This research assesses the accuracy of SRTM and AIRSAR DEMs acquired over the mountainous-hillands of Cameron Highlands with DEMs generated from Digital Aerial Photograph (DAP) with a fine (2 m) spatial resolution and height resolution of about 0.5 m. The ground control points used for generating stereo models from the DAP were acquired during field work using GPS which achieved accuracy better than 2 cm in most cases. To overcome the difficulty of overlaying the DEMs with the DAP DEM as no features can be easily identified on both the images, therefore a technique of using transects and contours generated from the DEMs were used to correct the horizontal displacement. For AIRSAR DEM, comparing the accompanying AIRSAR composite images was also employed. These then allowed an analysis of the height accuracy to be undertaken. The height of both the AIRSAR and SRTM DEMs were also corrected by applying Linear Regression Models. These models were produced by comparing pixels obtained from points, profiles and an area. Once again the corrected DEMs were assessed. Finally the extracted profiles and contours from the corrected SRTM and AIRSAR were compared with the reference DEM. From the comparisons, the horizontal errors were found to be about one and the half pixels (138.72 m: for SRTM) to the east and 1 pixel (10 m: for AIRSAR) to the south.
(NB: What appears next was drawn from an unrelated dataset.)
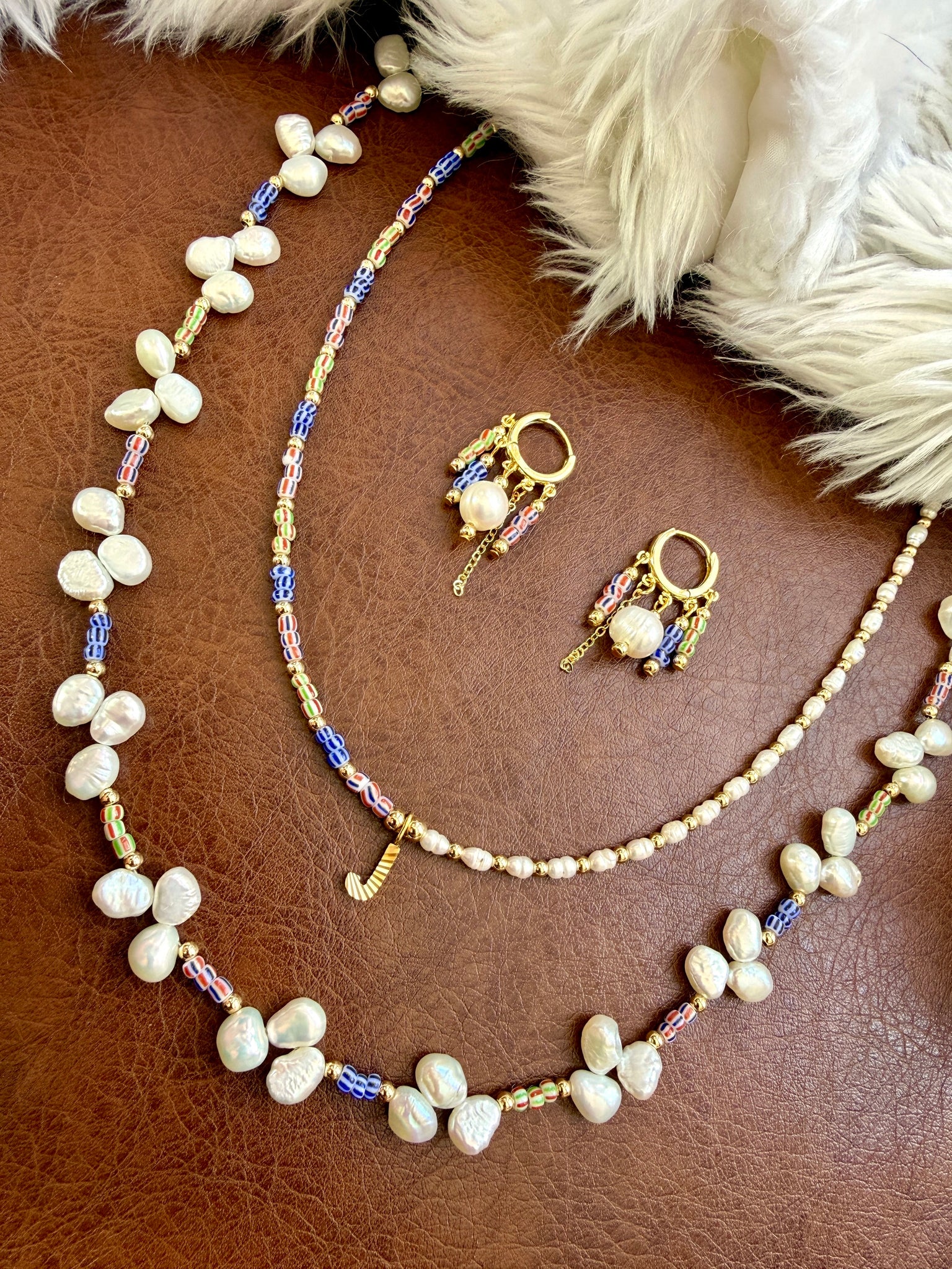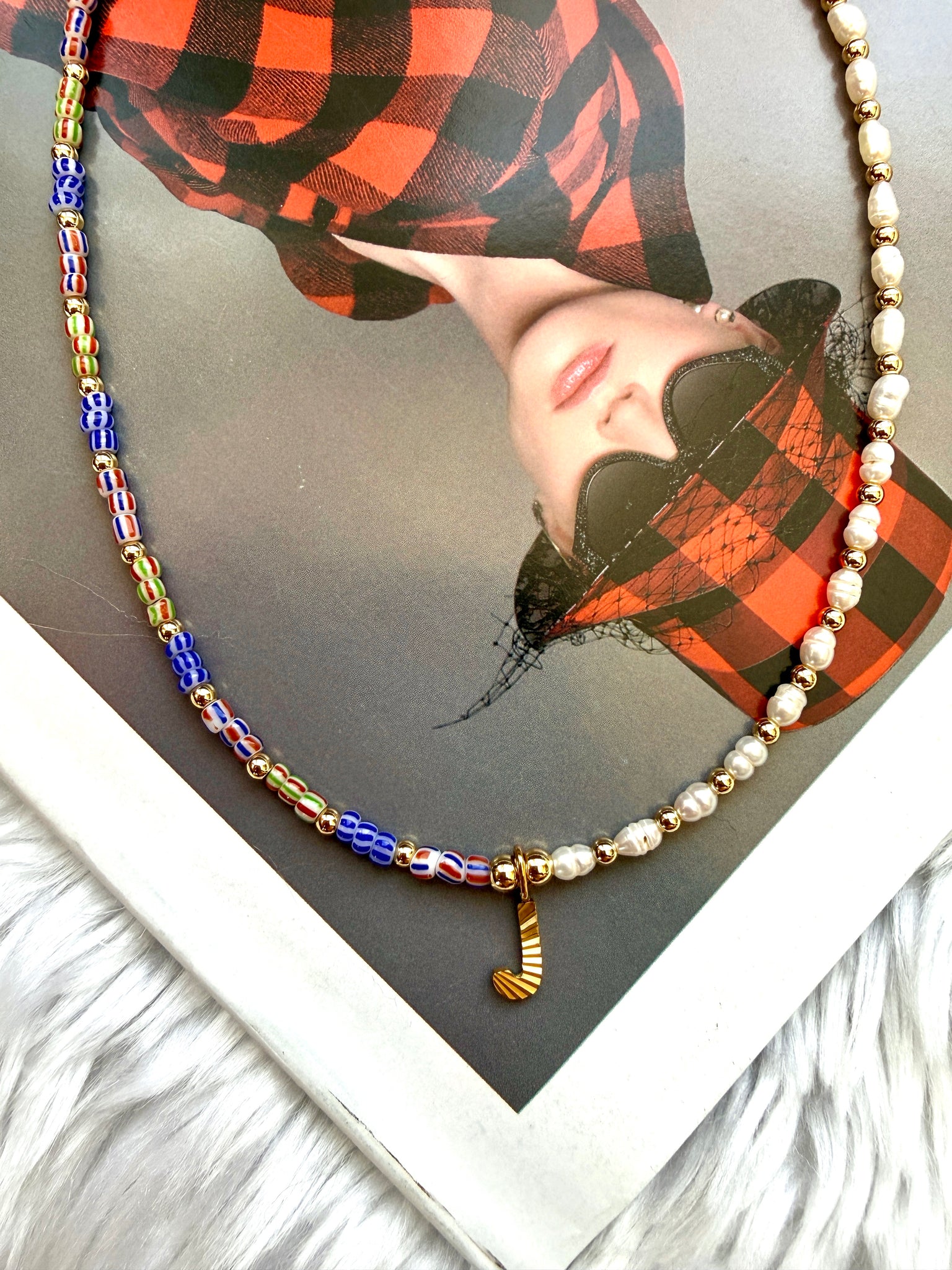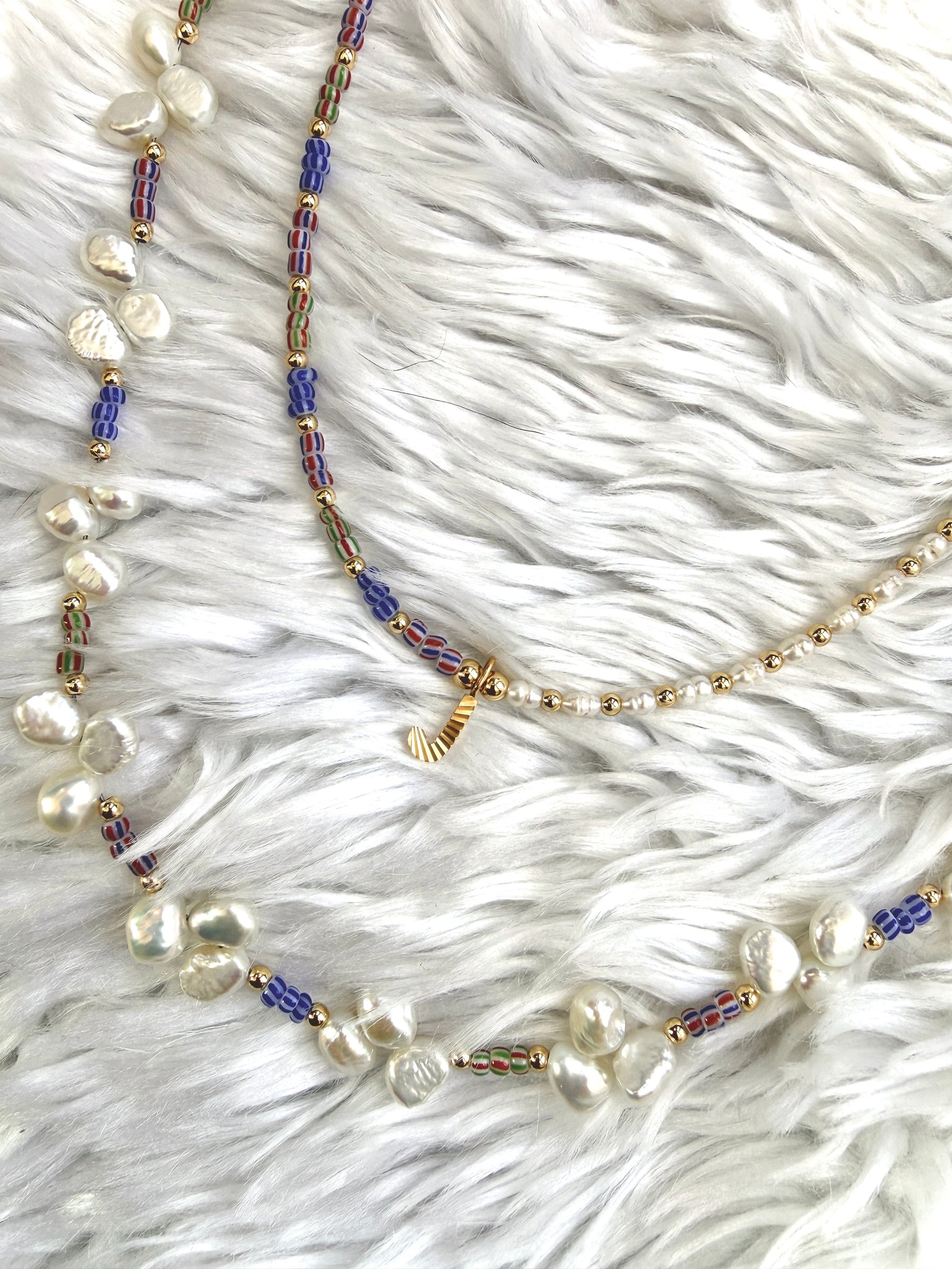 The Mariner Initial Necklace blends nautical-inspired color with timeless pearls and a personalized centerpiece. This delicate 14-inch necklace features a balanced design: striped glass beads on one side and freshwater pearls on the other, creating a playful contrast of color and texture.

The SD of height differences of the SRTM and AIRSAR DEMs using 90% data were 9.2 m and 5.2 m with profiles comparison; 10.4 m and 5.4 m with area comparison; 10.8 m and 2.4 m with GPS GCPs comparison respectively. From the three comparisons, the means of height differences are 5.2 m, 6.1 m and 15.2 m for SRTM and 8.1 m, 8.3 m and 7.9 m for AIRSAR DEM. The results suggest there is height offset in the AIRSAR DEM. When both heights of DEMs were corrected, the generated contours are close to each other and to reference contours. Using contour colours images and height modelling, the corrected DEM was found to have the potential to detect areas that prone to flash floods and mudslides.

InSAR

AIRSAR

SRTM

DEM

Aerial Photograph

Digital mapping

Surveying -- Data processing

Assessment and correction of DEM generation from airborne and space borne radar systems with reference to geo-hazard identification in the Cameron Highlands, Malaysia.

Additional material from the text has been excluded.